What is needed is an exact copy of the lines in the entries below from the one holding "Bordeaux wool and" through the one holding "Fabric type: Mulberry", pictures excluded.

» **Available records**
——————
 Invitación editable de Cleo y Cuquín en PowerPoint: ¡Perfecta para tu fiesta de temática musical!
——————
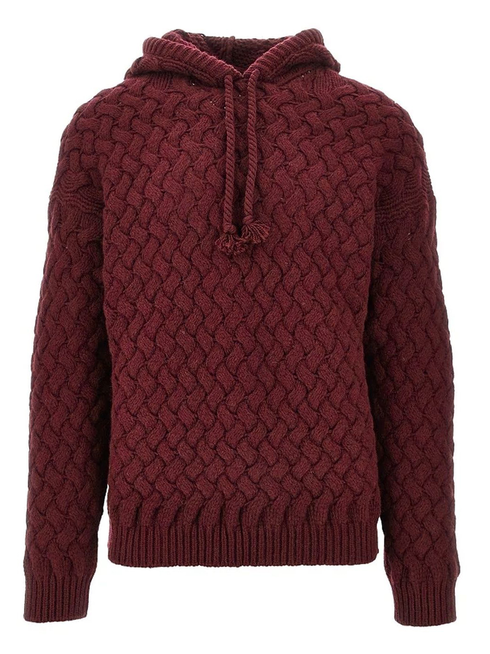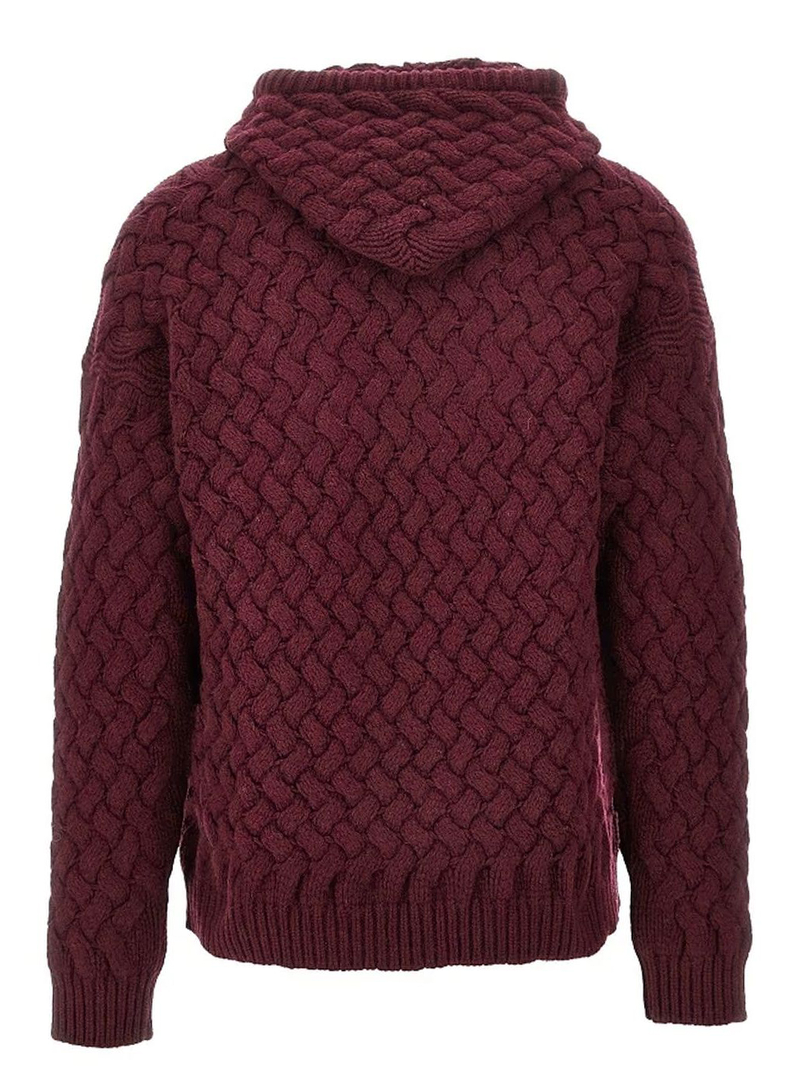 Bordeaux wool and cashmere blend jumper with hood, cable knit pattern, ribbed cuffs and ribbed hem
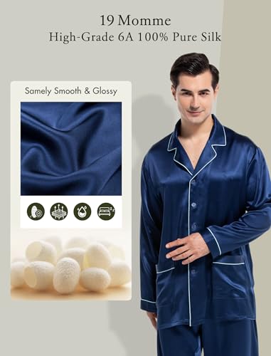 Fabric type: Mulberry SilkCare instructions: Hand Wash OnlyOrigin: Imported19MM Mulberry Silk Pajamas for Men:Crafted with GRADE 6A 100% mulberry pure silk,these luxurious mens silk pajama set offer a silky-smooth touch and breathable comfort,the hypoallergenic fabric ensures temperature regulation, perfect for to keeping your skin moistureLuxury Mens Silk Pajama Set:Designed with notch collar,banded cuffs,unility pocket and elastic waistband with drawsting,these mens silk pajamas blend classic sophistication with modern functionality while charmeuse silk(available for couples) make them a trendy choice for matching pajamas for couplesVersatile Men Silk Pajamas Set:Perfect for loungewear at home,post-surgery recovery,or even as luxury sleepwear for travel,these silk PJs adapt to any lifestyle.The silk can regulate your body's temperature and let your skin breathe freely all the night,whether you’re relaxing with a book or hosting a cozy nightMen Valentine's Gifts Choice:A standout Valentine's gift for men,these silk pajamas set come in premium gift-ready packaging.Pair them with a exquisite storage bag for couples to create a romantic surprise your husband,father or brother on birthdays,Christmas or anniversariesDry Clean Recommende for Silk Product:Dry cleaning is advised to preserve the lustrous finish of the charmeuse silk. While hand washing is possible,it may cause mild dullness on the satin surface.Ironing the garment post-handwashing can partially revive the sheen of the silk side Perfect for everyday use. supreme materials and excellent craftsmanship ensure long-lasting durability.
——————
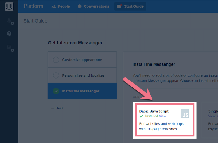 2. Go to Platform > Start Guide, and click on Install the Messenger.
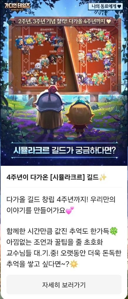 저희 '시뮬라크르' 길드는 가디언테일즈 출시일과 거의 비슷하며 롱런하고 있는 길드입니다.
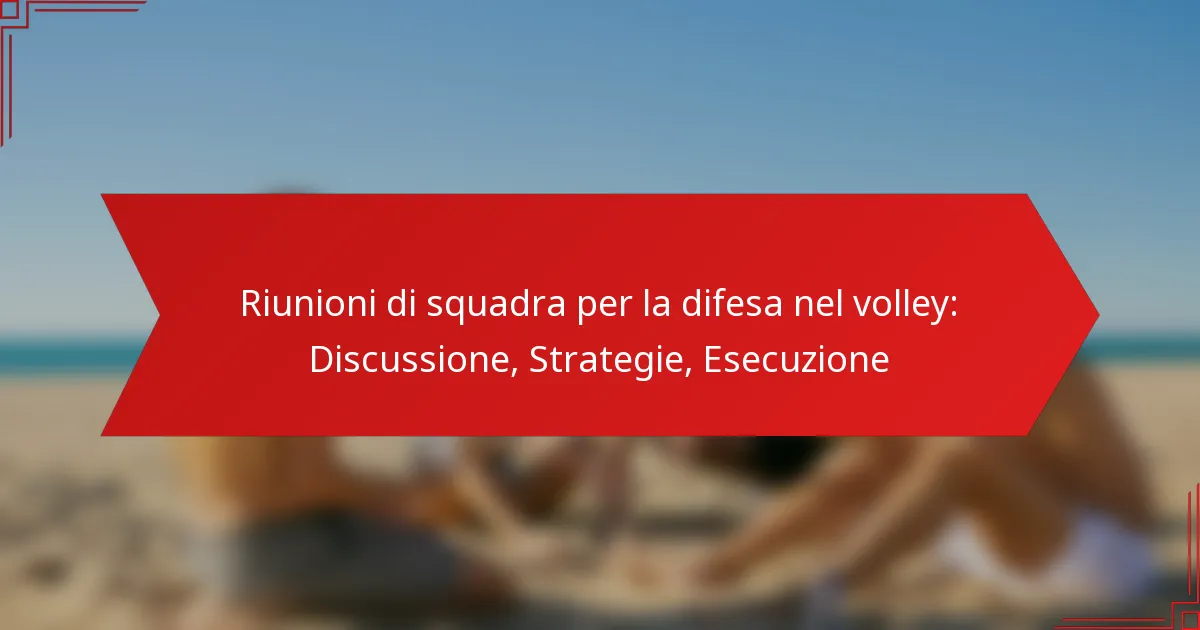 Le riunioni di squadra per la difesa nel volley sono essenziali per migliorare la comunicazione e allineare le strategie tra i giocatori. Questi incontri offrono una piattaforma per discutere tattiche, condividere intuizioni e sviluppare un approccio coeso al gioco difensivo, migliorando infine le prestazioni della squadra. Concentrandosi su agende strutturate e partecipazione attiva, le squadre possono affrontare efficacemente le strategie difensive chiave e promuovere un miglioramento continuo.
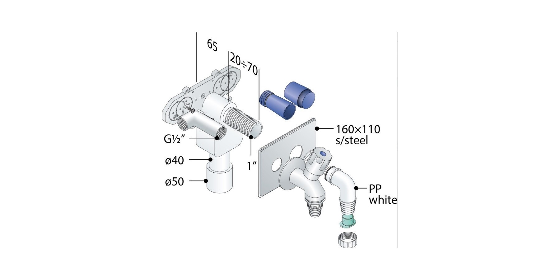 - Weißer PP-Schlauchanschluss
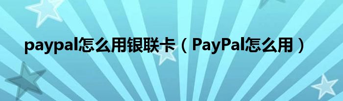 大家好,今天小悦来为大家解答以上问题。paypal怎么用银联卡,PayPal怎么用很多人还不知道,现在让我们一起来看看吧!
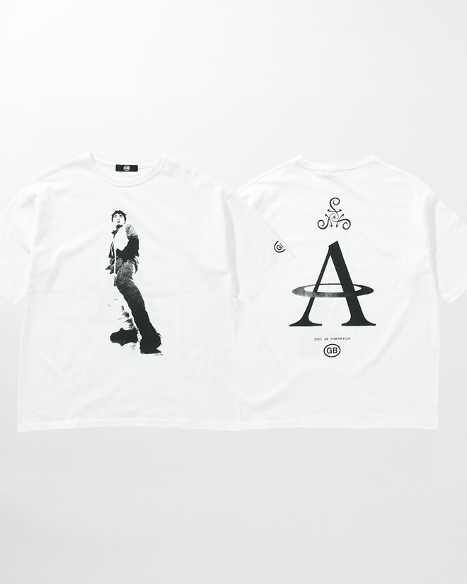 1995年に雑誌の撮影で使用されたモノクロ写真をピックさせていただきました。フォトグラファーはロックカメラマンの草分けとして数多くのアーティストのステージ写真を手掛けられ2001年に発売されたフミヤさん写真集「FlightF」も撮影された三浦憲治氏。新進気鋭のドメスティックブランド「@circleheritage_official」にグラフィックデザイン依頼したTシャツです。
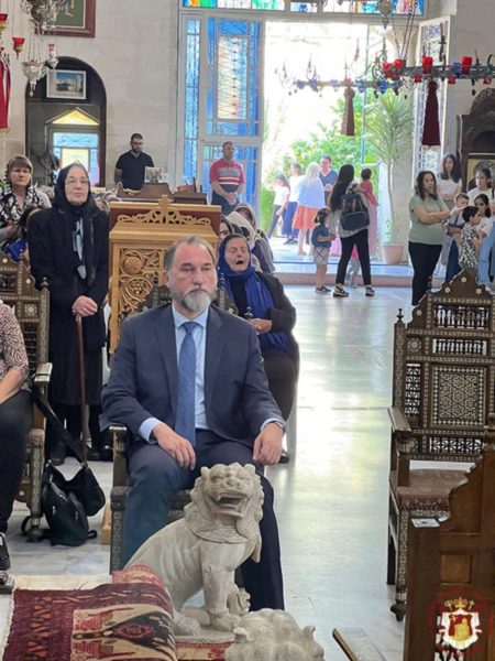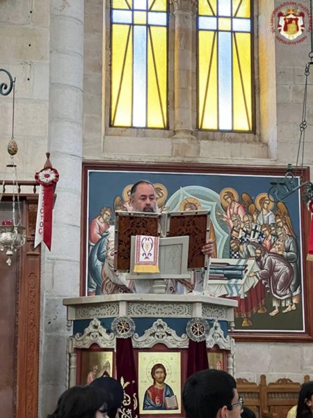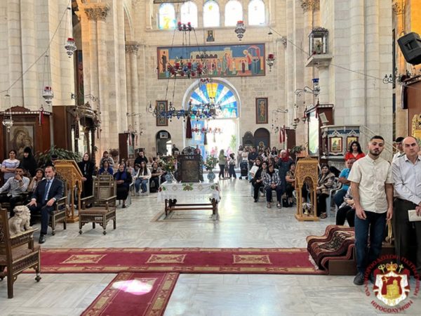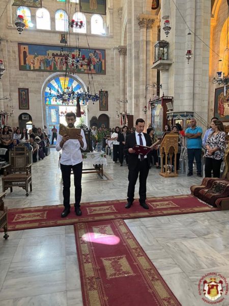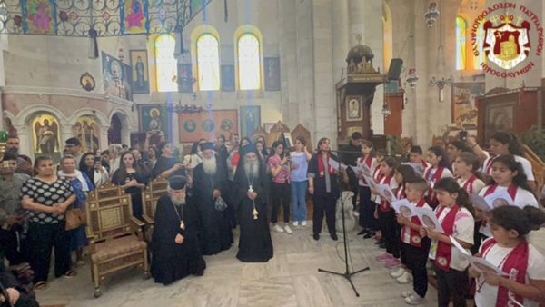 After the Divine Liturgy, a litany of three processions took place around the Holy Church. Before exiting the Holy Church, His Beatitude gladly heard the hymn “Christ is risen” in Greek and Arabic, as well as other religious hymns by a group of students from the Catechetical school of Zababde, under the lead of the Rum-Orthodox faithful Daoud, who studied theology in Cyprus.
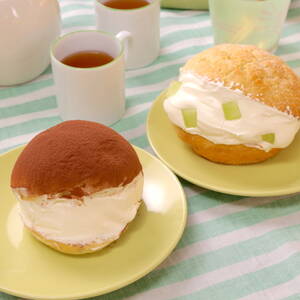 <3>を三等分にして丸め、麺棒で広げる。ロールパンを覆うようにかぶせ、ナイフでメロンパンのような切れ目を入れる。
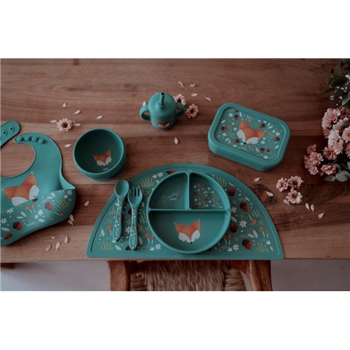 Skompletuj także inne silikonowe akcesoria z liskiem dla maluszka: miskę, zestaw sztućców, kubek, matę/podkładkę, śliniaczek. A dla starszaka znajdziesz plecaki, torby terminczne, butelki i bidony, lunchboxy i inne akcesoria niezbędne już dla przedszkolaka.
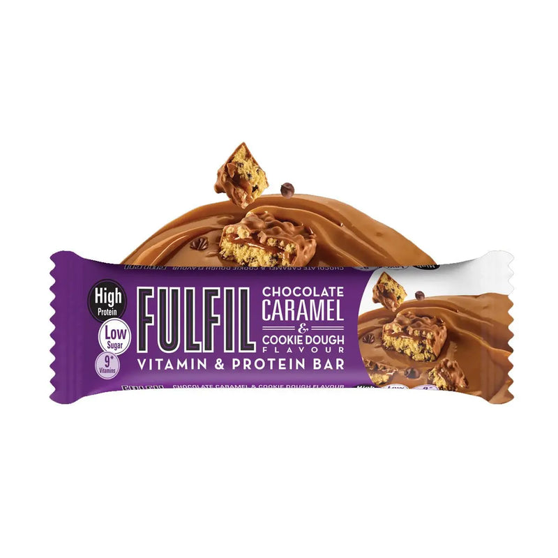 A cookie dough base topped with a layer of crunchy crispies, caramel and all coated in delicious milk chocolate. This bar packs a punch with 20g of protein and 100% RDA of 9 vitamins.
——————
» **Written solution**
 Bordeaux wool and cashmere blend jumper with hood, cable knit pattern, ribbed cuffs and ribbed hem
 Fabric type: Mulberry SilkCare instructions: Hand Wash OnlyOrigin: Imported19MM Mulberry Silk Pajamas for Men:Crafted with GRADE 6A 100% mulberry pure silk,these luxurious mens silk pajama set offer a silky-smooth touch and breathable comfort,the hypoallergenic fabric ensures temperature regulation, perfect for to keeping your skin moistureLuxury Mens Silk Pajama Set:Designed with notch collar,banded cuffs,unility pocket and elastic waistband with drawsting,these mens silk pajamas blend classic sophistication with modern functionality while charmeuse silk(available for couples) make them a trendy choice for matching pajamas for couplesVersatile Men Silk Pajamas Set:Perfect for loungewear at home,post-surgery recovery,or even as luxury sleepwear for travel,these silk PJs adapt to any lifestyle.The silk can regulate your body's temperature and let your skin breathe freely all the night,whether you’re relaxing with a book or hosting a cozy nightMen Valentine's Gifts Choice:A standout Valentine's gift for men,these silk pajamas set come in premium gift-ready packaging.Pair them with a exquisite storage bag for couples to create a romantic surprise your husband,father or brother on birthdays,Christmas or anniversariesDry Clean Recommende for Silk Product:Dry cleaning is advised to preserve the lustrous finish of the charmeuse silk. While hand washing is possible,it may cause mild dullness on the satin surface.Ironing the garment post-handwashing can partially revive the sheen of the silk side Perfect for everyday use. supreme materials and excellent craftsmanship ensure long-lasting durability.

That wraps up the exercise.